Au moins trois lecteurs de mon précédent blog (peut-être d’autres ont-ils partagé le même jugement sans que j’en sois averti) m’ont accusé de n’avoir pas saisi le côté ironique, sinon critique, du jugement porté par le chroniquer du Temps (3 juin 2023): «Dire oui un jour et non le lendemain sur le même sujet, selon qu’on est chef de parti ou ministre, et gagner pour cela des galons de politicien respecté: c’est le miracle des institutions suisses.» Je réponds en disant qu’il n’y a pas de miracle en ce domaine; il n’y a là que la logique politique d’une démocratie représentative.
Dans une note rédigée en 1940, la philosophe française Simone Weil rédige un libelle au titre provoquant: Note sur la suppression générale des partis politiques. Ce libelle sera publié à Londres durant la guerre, lorsqu’elle travaillait à la ‘Direction intérieure de la France libre’. Cette note fut reprise après sa mort dans l’ouvrage publié par Albert Camus qui rassembla après-guerre plusieurs textes de la défunte philosophe sous le titre L’enracinement. L’argument est clair:
«La protection de la liberté de penser exige qu’il soit interdit par la loi à un groupement d’exprimer une opinion. Car lorsqu’un groupe se met à avoir des opinions, il tend inévitablement à les imposer à ses membres.»
Si j’accepte, sans y voir d’humour et encore moins d’ironie, la flèche du chroniqueur du Temps («Dire oui un jour et non le lendemain sur le même sujet, selon qu’on est chef de parti ou ministre») c’est que l’argument de la philosophe Simone Weil, aussi beau soit-il, ignore un principe politique fondamental.
L’argument de la philosophe repose sur la liberté de pensée, comme si la pensée était chose individuelle. Certes, je vois bien la pointe de son propos: exclure le dogmatisme (elle pensait au dogmatisme politique –l’idéologie– mais sa position s’applique aussi bien au dogmatisme religieux); car l’idéologie ou le dogme impose à chacun ce qui ne relève que de sa conscience et de son intelligence. J’ajoute même que c’est un principe de santé intellectuelle et morale. (La santé consiste à réagir aux ‘infidélités’ du milieu, comme disait le professeur de médecine Georges Canguilhem, c’est à dire, dans le cas présent, à ne pas se ‘couler’ –aux deux sens du terme– dans la pensée élaborer par autrui. On parle aussi de ‘langue de bois’.)

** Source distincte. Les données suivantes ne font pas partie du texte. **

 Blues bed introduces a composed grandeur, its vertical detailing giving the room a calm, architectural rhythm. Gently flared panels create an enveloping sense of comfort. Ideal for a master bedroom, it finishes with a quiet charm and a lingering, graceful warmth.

Mais, aussi respectable soit-elle, la pensée de chacun en matière politique, vise nécessairement la transformation de l’environnement écologique et social. Et pour cela, la force des idées (bonnes ou mauvaises) est insuffisante. Les idées doivent transiger avec les forces adverses qui possèdent a priori une légitimité identique. C’est pourquoi adopter un point de vue commun qui ne satisfasse pas pleinement l’idée conçue en son âme et conscience, c’est non seulement indispensable pour l’action politique –pour faire poids– mais encore signe d’une maturité intellectuelle.

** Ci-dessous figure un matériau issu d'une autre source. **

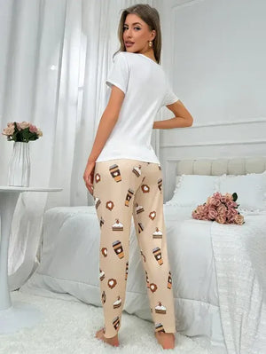- Product Name : White Coffee Cake Printed Half Sleeves Night Suit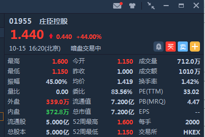 庄臣控股暗盘高开15% ,截止16:21,暗盘段报1.44港元,较发行价港元涨44%,暂成交1010万港元,最新总市值 7.2亿港元。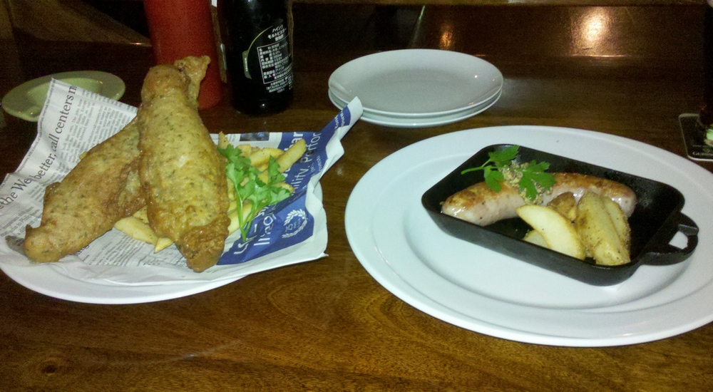 二人ともそれほど空腹じゃなかったので、軽くおつまみだけをオーダー。Fish And Chips はここのお店は結構美味しいです。ソーセージもいい味でした。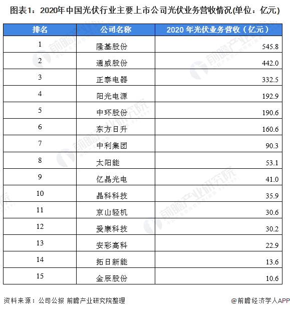 从2020年光伏发电行业主要上市公司光伏发电相关业务的营收规模看,隆基股份和通威股份排名分别位列第一和第二,2020年隆基股份光伏发电行业相关的营收规模为545.8亿元,而通威股份光伏发电行业的相关的营收为442亿元,较第三名比较均存在较大的优势。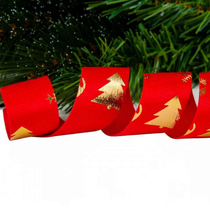 Яскрава текстильна стрічка Chomik червоного кольору з принтом у вигляді золотистих сніжинок і оленів створена для того, щоб додати атмосфері тепла та свята. Її довжина 2,7 метра дозволяє реалізувати безліч ідей декору — від упаковки подарунків до оформлення інтер'єру. Завдяки насиченому кольору й виразному орнаменту, стрічка ефектно виглядає як на ялинці, так і в композиціях із натуральною або штучною хвоєю.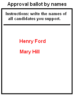 승인 투표에 사용되는 투표 용지의 형식에는 몇 가지 변형이 있다. 가장 단순한 형식은 백지 투표 용지로, 지지하는 후보자의 이름을 모두 자서(自書)하는 방식이다. 또한, 미리 후보자의 이름이 기재되어 있고, 이름 옆의 빈칸에 Yes/No와 같은 단어를 기입하는 형식이나, 마크 시트 형식의 투표 용지로 할 수도 있다. 참조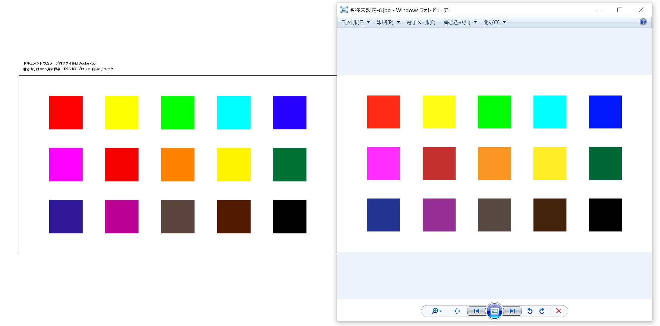以下の画像は、カラーモードをCMYKで作成したドキュメントと、それを書き出した画像を並べたものです。カラー設定はプリプレス用 - 日本2、カラープロファイルはJapan Color 2001 Coated. 書き出しはweb用に保存で行い、JPEG最高画質でsRGB変換にチェックを付けています。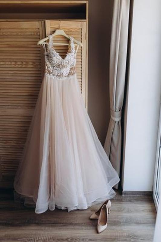 Продам весільну сукню Pollardi. Колір beige .Одягалось 1 раз, стан відмінний, колекція 2019 року, бренд-Ida Torez, колекція (назва): Soul of the Sea, матеріал: фатин, наявність шлейфа: є (підстьобується ззаду до плаття), силует: а силует. В комплекті до сукні йде оригінальний чохол і кільця під плаття. За параметрами та детальною інформацією в особисті повідомлення. Купувалося за 800 $. Плаття дуже зручне, легке і повітряне, легко одягається.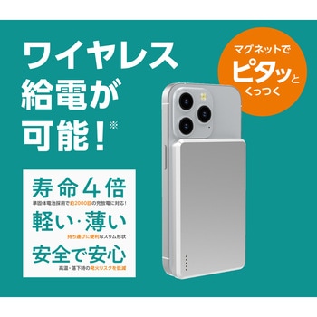 ◎燃えにくく・高耐久の準個体モバイルバッテリーにMagSafe対応品が新発売!〇マグネットでピタッとくっつくワイヤレス給電が可能。〇安全で安心-高温・落下時の発火リスクを低減。〇寿命約4倍-準個体電池採用で約2000回の充放電に対応し長く使える。〇軽い・薄い-厚さ持ち運びに便利なスリム形状。〇PSE技術基準適合商品で飛行機内持ち込み可能で旅行や出張も安心。〇低温・高温に強い- -20~60℃の厳しい環境下にも使用可能。〇LED残量インジケーター付きで残量も一目で確認できます。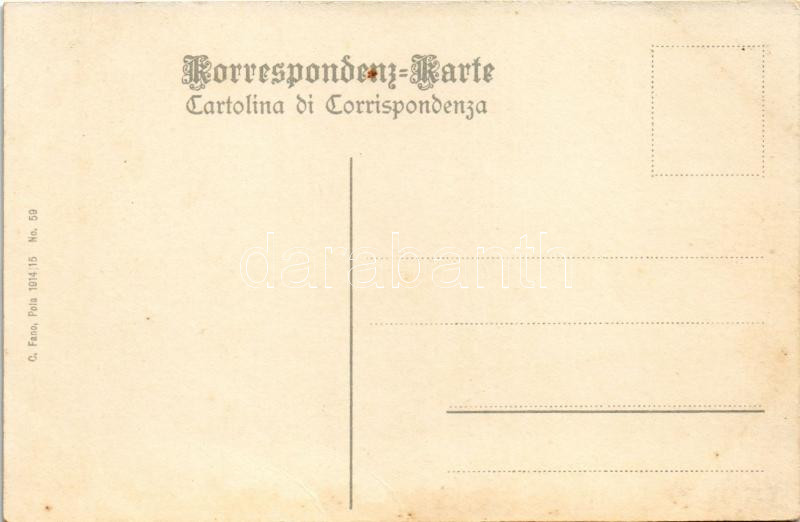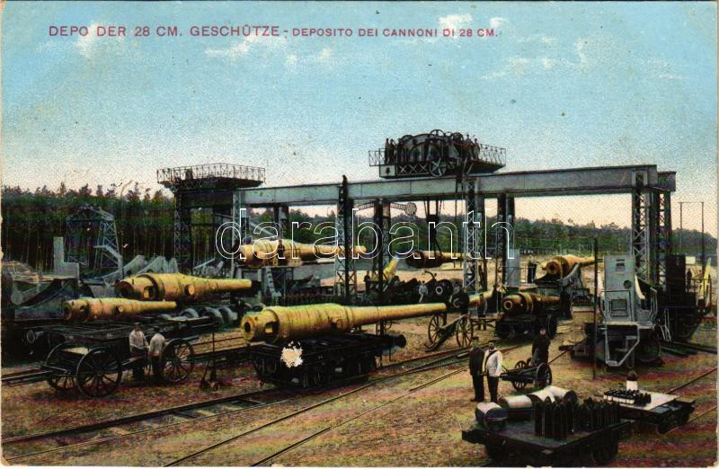 Depo der 28 cm Geschütze / Deposito dei cannoni di 28 cm / 28 cm-es hajóágyúk raktára és szállítása vasúton Polában a hajógyárban / WWI Austro-Hungarian Navy, K.u.K. Kriegsmarine, depot and transport of battleships cannons in the Pula shipyard. C. Fano 1914/15. No. 59.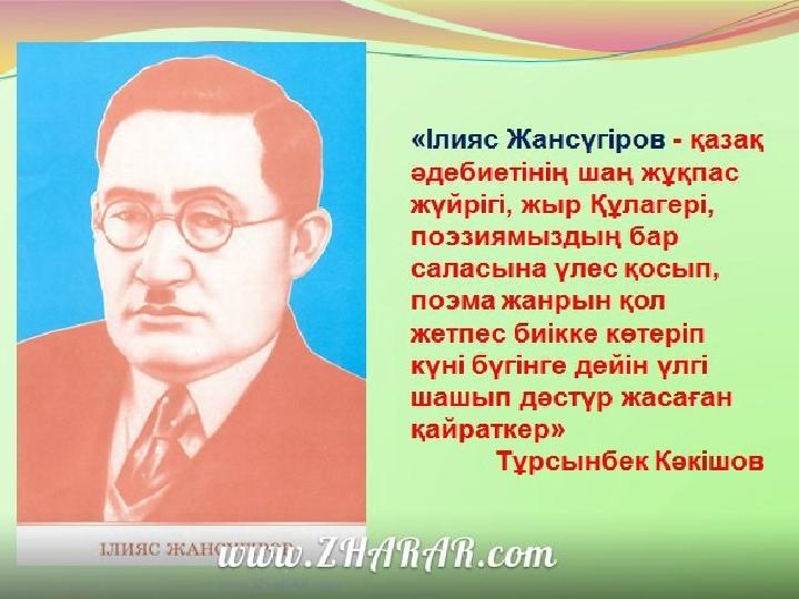 Мырзабек Дүйсенов: «Қазақ әдебиетінің белді өкілдерінің бірі -Ілияс Жансүгіров халықтың сөйлеу тілін,фольклор тілінің нұсқаларын пайдалана отырып, қазақтың әдеби тілін, фольклор тілінің нұсқаларын пайдалана отырып, қазақтың әдеби тілін қалыптастыруда өзіндік үлес қосты».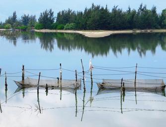 Keywords: viet nam danang lake fishing fisherman netting calm serenity reflections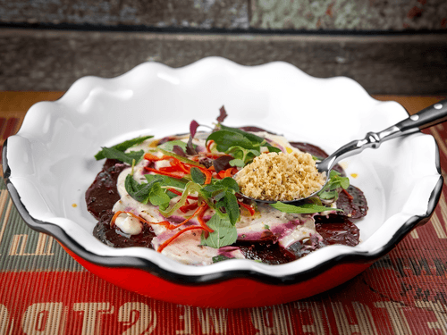 On the salad, we place marinated beet slices, add artichoke paste, mix in ricotta, and torch it with a gas burner.

Pour en revenir au cas qui nous occupe, un chef de parti n’ayant pas la responsabilité du gouvernement, peut défendre sans grand risque l’idéologie particulière de son parti. Une fois au pouvoir, il devra nécessairement composer avec les autres forces politiques en présence. Cela ne relève d’aucun miracle helvétique, mais simplement de la logique des forces en présence. On est plus fort à plusieurs; ce qui implique des positions communes qui, souvent, ne correspondent jamais parfaitement à sa propre pensée. D’où les compromis nécessaires. Avoir raison tout seul, c’est non seulement tomber dans l’illusion que l’on puisse penser tout seul, mais encore s’interdire de mener une vie politique.